What to work on: The response should contain only the line with "Chocolatina by Nature's" and every line after it to the end of the listing below, duplicated exactly; no picture belongs in it.

Recorded information:
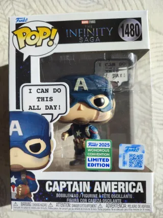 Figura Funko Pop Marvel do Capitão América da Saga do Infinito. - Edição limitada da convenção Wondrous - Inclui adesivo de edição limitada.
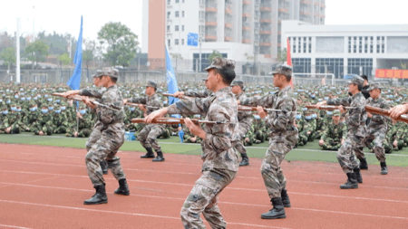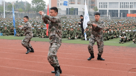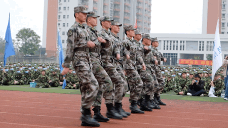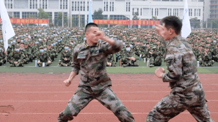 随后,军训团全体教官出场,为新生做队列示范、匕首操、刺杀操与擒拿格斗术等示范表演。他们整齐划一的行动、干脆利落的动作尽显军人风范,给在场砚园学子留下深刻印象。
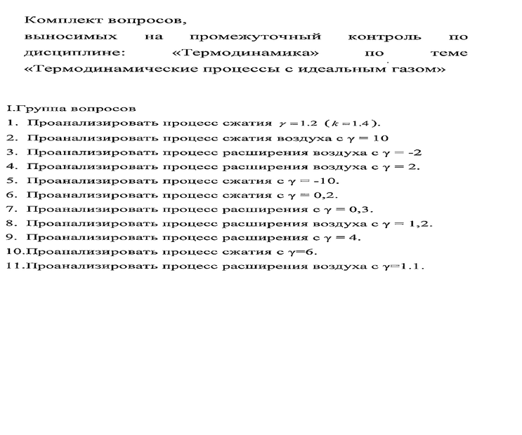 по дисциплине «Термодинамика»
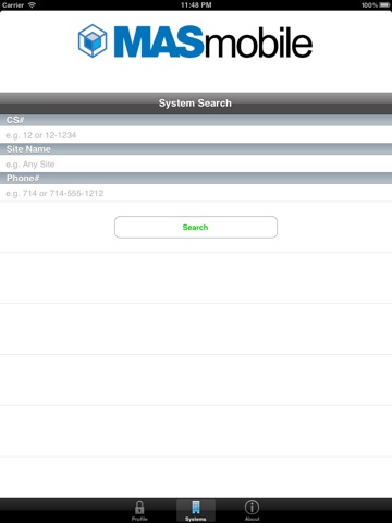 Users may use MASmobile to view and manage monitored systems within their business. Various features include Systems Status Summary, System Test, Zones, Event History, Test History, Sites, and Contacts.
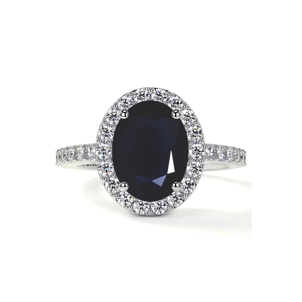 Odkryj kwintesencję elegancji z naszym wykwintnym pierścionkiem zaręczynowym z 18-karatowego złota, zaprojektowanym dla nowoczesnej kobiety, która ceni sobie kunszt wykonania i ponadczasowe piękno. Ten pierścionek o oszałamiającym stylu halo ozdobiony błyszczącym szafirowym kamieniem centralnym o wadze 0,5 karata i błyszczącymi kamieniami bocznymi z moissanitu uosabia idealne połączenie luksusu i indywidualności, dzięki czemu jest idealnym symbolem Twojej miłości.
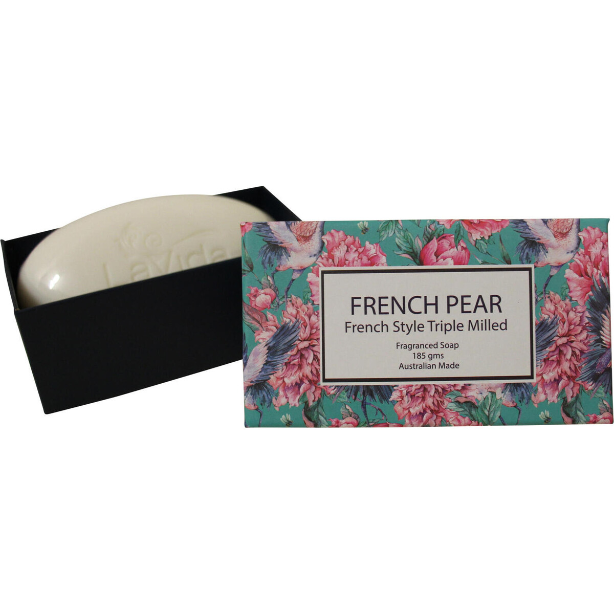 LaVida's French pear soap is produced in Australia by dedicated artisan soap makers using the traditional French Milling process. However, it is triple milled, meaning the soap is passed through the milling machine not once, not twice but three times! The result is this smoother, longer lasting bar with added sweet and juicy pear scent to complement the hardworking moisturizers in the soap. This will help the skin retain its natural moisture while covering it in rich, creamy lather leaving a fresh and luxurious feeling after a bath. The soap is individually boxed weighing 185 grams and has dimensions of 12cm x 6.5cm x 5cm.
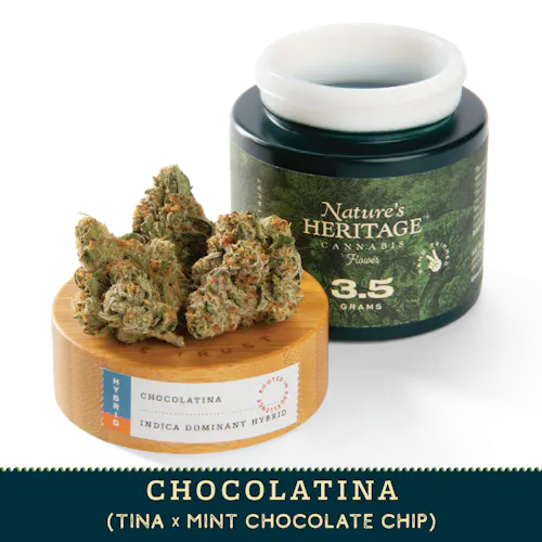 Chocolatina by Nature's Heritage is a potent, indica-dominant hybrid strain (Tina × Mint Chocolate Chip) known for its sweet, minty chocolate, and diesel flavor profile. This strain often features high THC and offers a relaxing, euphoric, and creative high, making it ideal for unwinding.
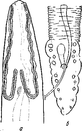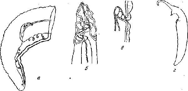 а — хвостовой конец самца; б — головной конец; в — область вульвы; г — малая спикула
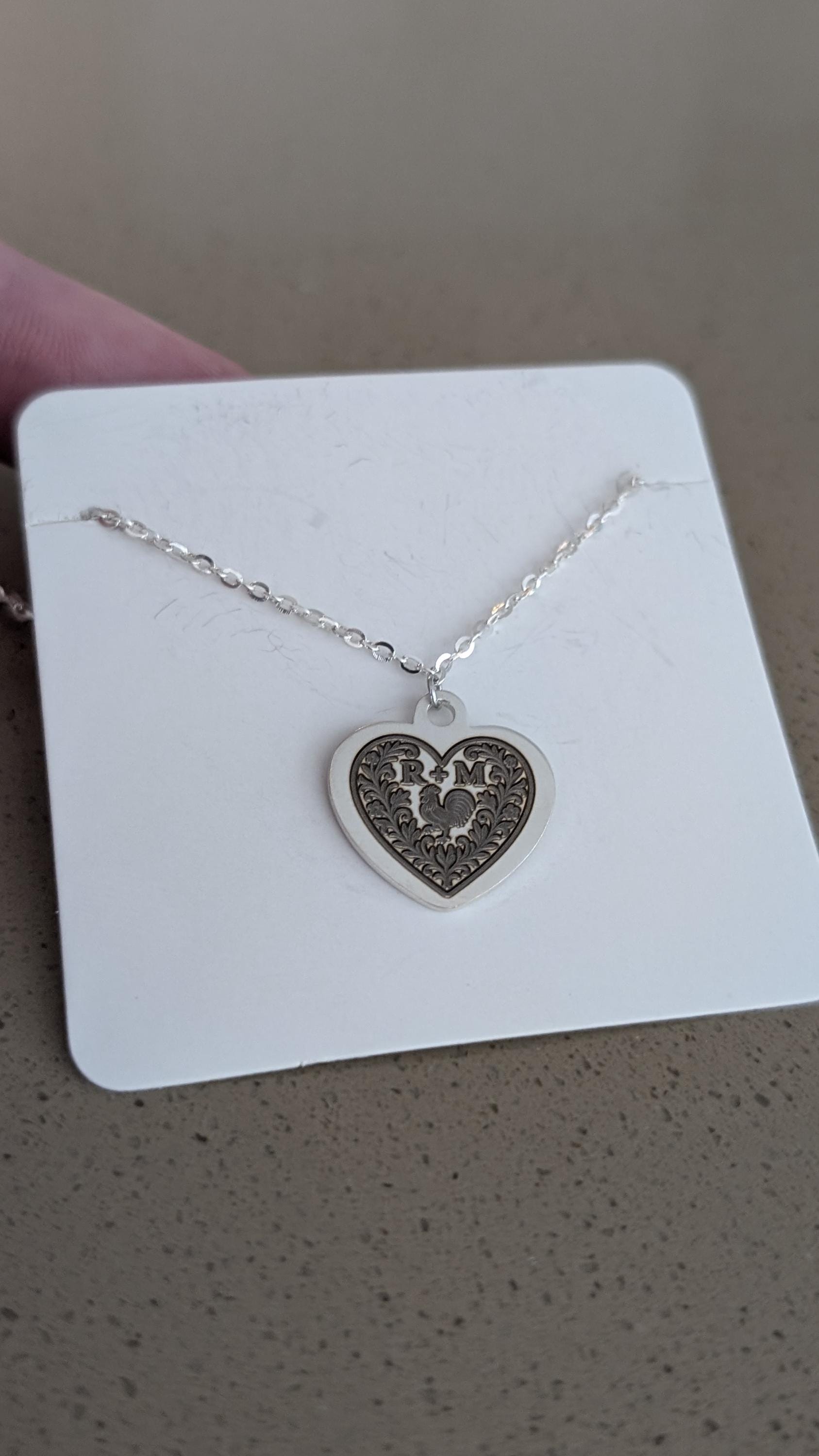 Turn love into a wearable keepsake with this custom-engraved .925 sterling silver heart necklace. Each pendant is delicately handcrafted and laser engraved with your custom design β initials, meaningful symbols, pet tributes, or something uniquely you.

Finished exercise:
 Chocolatina by Nature's Heritage is a potent, indica-dominant hybrid strain (Tina × Mint Chocolate Chip) known for its sweet, minty chocolate, and diesel flavor profile. This strain often features high THC and offers a relaxing, euphoric, and creative high, making it ideal for unwinding.
 а — хвостовой конец самца; б — головной конец; в — область вульвы; г — малая спикула
 Turn love into a wearable keepsake with this custom-engraved .925 sterling silver heart necklace. Each pendant is delicately handcrafted and laser engraved with your custom design β initials, meaningful symbols, pet tributes, or something uniquely you.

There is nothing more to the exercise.